## Information provided
++++

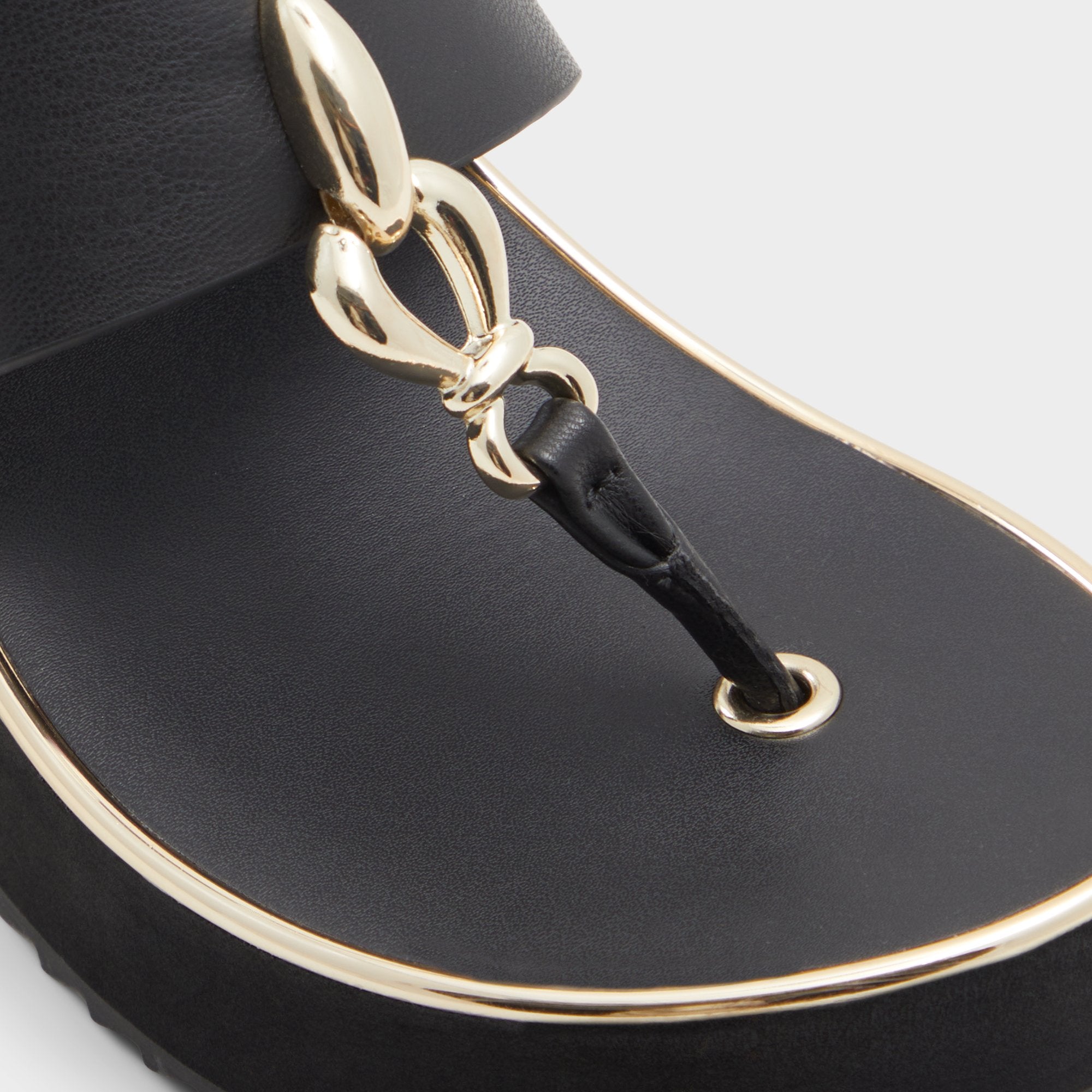 Sculpted wedge platform lifts legs and spirits while buttery black leather and polished ring accent turn this laid-back slip-on into an instant vacation complete with grippy rubber below. Pair with breezy linen pants for market strolls or swap in satin mini when sunset cocktails call.
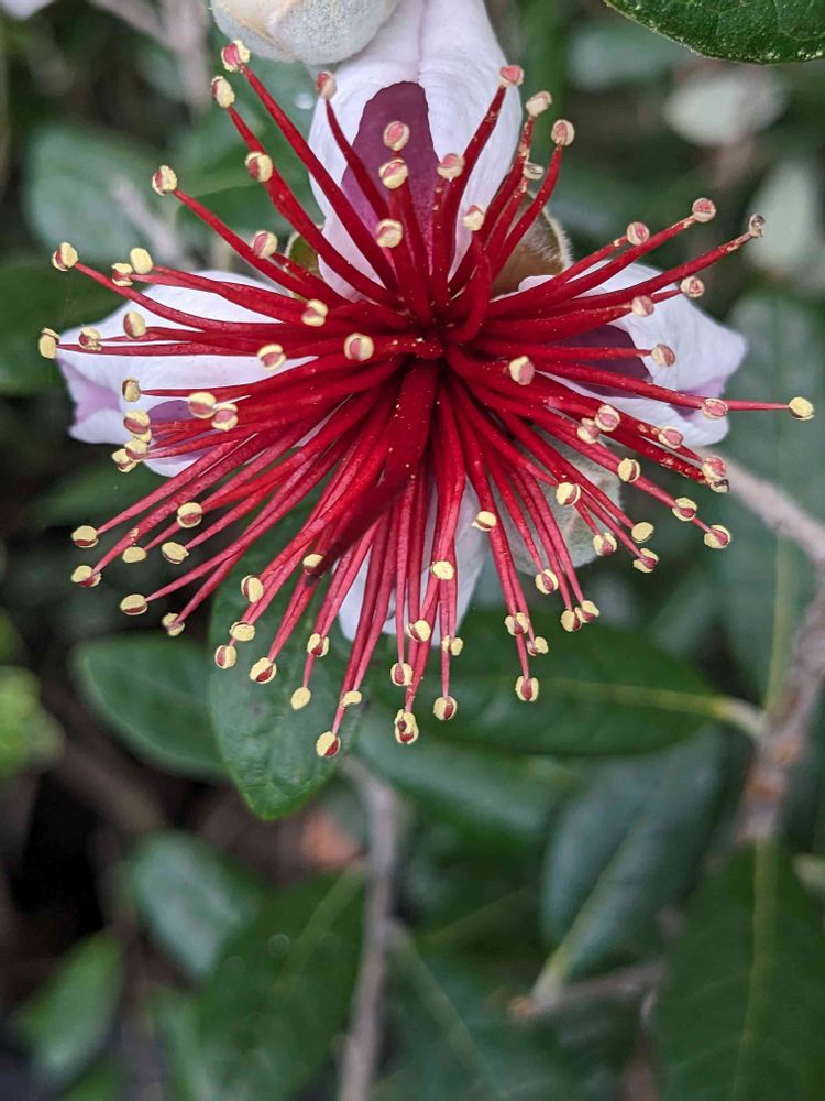 後で調べたら、別名、パイナップルグアバとも呼び、果実はパイナップルとバナナとリンゴを混ぜたような味で甘い香りがする特徴ですとありました🤓👍
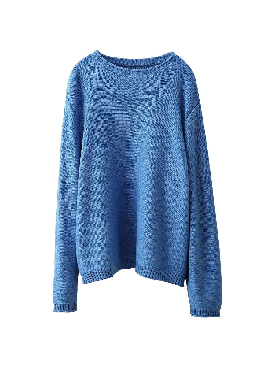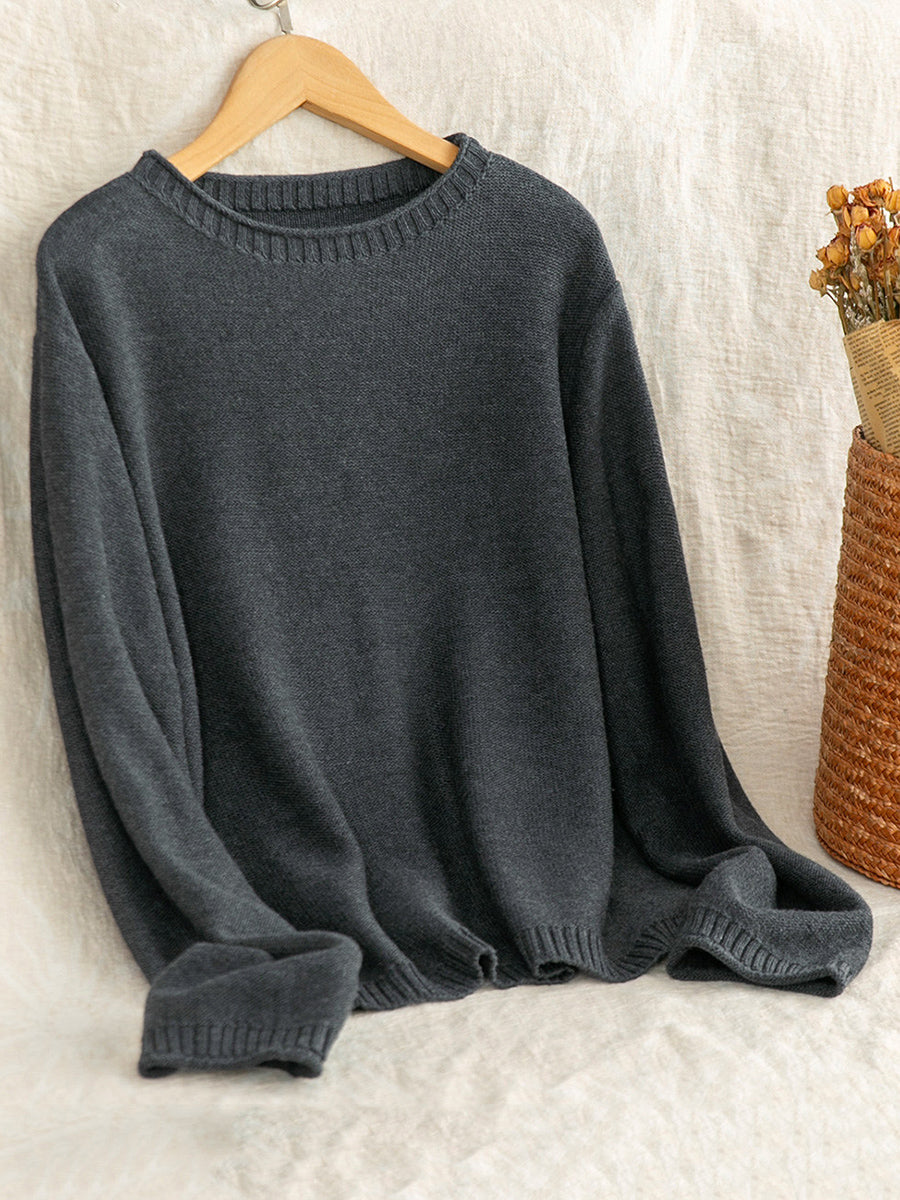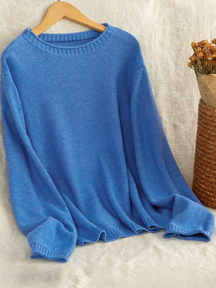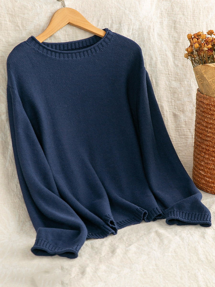 Suéter feminino Artsy Spring de cor pura com decote redondo.

++++

## Task
Repeat the data exactly, without the pictures.

## Response area
 Sculpted wedge platform lifts legs and spirits while buttery black leather and polished ring accent turn this laid-back slip-on into an instant vacation complete with grippy rubber below. Pair with breezy linen pants for market strolls or swap in satin mini when sunset cocktails call.
 後で調べたら、別名、パイナップルグアバとも呼び、果実はパイナップルとバナナとリンゴを混ぜたような味で甘い香りがする特徴ですとありました🤓👍
 Suéter feminino Artsy Spring de cor pura com decote redondo.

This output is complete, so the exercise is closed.